Mala, Buddhist rosary,
108 5-sided rudashka beads, diameter 8/5.5mm diameter
This rudashka was aged using a traditional method for 4 years in a barrel filled with cinnabar powder.
Turquoise du Hubei
agate nan hong (southern red) of Yunnan site of Baoshan. This exceptional agate owes its color to the crystallization of cinnabar in inclusion
Jade nephrite of Central Asia, called "gold leaf" due to its remarkable color.
Ganesh carved by hand in an olive stone.
As a gemologist graduated from the Institut National de Gemmologie de Paris, all our stones are appraised and certified.
As Malakara, we make all our own mala with scrupulous respect for tradition.
The mala, trengwa, in Tibetan is the rosary of the Buddhist, the object from which the monk (or even the lay practitioner) almost never separates, holding it in the hand or wrapped around the wrist.
The mala is first of all a utilitarian onjet: it serves as a tactile support for the recitation of mantras, at the same time as it is used to count them if one has set oneself to repeat a definite number.
The mala is composed of 108 strung pearls, which justifies its name, since it simply means "garland" (of pearls). The different components each contain a precise symbolic meaning: The big pearl (or Buddha's head) that closes the loop marks the knowledge of emptiness. The small cone that surmounts it is the mark of emptiness itself.
Rudraksha pearls are natural seeds of the rudraksha tree (Elaeocarpus) also called Shiva's tears. Legend has it that Shiva during one of his meditations had a vision of the wishes and sufferings of the world. This vision made him cry and a tear fell to the ground giving birth to a tree. This tree gives fruits that when drying leave seeds with the characteristic Rudraksha shape, for Hindus this seed contains a little goodness of Shiva. This is how many virtues are attributed to Rudraksha seeds.
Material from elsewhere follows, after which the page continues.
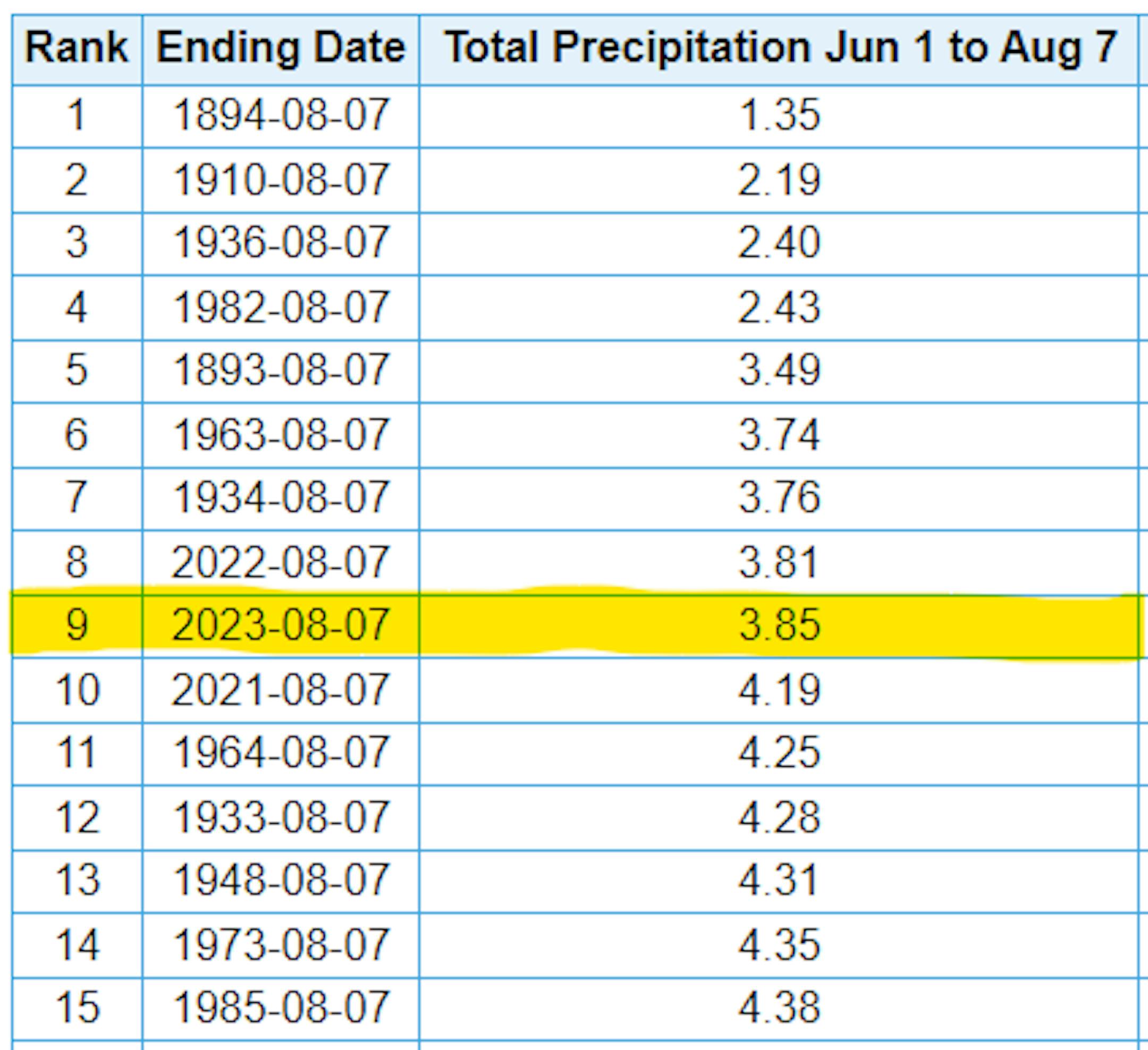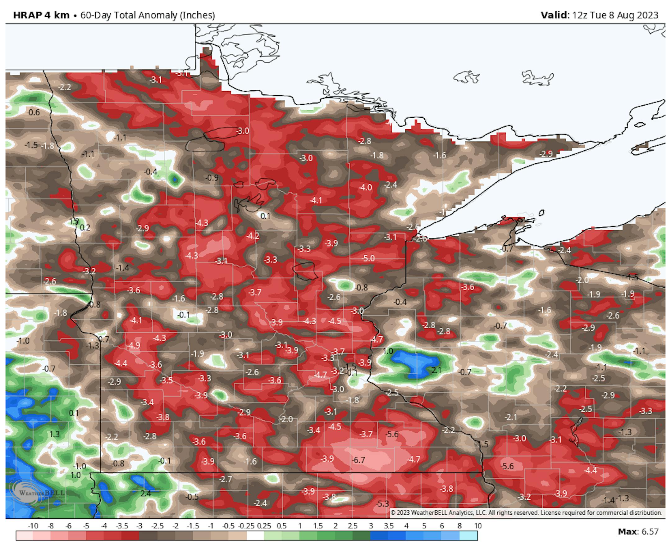 It has been very dry across much of the region so far this summer with only 3.85" of rain falling at the MSP Airport since June 1st. That is -5.80" below average and is the 9th driest Meteorological Summer on record with the driest being 1.35" set in 1894. Interestingly, the last two summers (2022 & 2021) were just as dry.

They can be composed of one to fourteen faces.
A legend tells that a fight took place between the two ganesh, that the Buddhist won and tore off the head of the Hindu in place of his own. More seriously, Ganesh was incorporated into Buddhism by its tantric form which originated in India in Odisha and then traveled first to Nepal by Indian traders, and to China, then to Japan which we will talk about a little below, the divinity having taken an interesting place in the shingon and tendai forms of Buddhism of the archipelago.
The elephant-god Ganesh (or Ganesha/Ganapati, also sometimes called siddhi data) is one of the most popular gods of Hinduism and is also widely represented both in the Temples of Theravada Buddhism (India, Thailand, Indonesia...) and in those of Vajrayana (Tibet, Nepal...). He plays an important role in Tantrism and is present in the Tibetan pantheon where he is recognized mainly as a deity of wealth but is also part of the attributes of some wrathful deities, somewhat frightening, terrible, secretive and fearful, avoiding obstacles.
Apart from Tibet, the deity has left little trace in China, probably swallowed up with the Chinese esoteric current Tangmi, centered on the Buddha Vairocana, disappeared from 845, date on which the full rise of Buddhism, its golden age between the period between the Sui and Tang dynasties extending from the beginning of the seventh century to 845 abruptly ended. The Tang Emperor Wuzong, of Taoist confession issued an edict against the Manicheans, Buddhists and Nestorians, religions of foreign origin. After the persecution, only the Chan and Pure Land currents remained visibly. Typical Chinese esoteric Buddhism will still leave some traces, merging into the two surviving schools. Then, Tibetan Lamaism took the vacant place becoming the imperial religion under the Yuan dynasty, as well as the last dynasty, the Manchu Qing dynasty. In short, Tangmi or the "secret art of the Tang" disappeared completely in China.
The Japanese name of Ganesh is Shōten (聖天) or Kangiten (歓喜天), Japanese Buddhism considers it a manifestation of Shō Kannon Bosatsu (聖観音菩薩). In Japanese, the kanji 天 is used as the equivalent of the Hindu Deva.
The cult of Kangiten began in Japan around the eighth - ninth century. Importation due to Kukai (July 31, 774 - April 22, 835) scholar and official at the Japanese imperial court (early Heian period), holy founder of the esoteric Shingon Buddhist school, during his trip to China in 804, with the aim of initiating the tantric form of Buddhism. There he met the eminent Buddhist scholar Pranja from the Gandhara region, the cradle of Mahayana or Great Vehicle, a region located in the northwest of present-day Pakistan.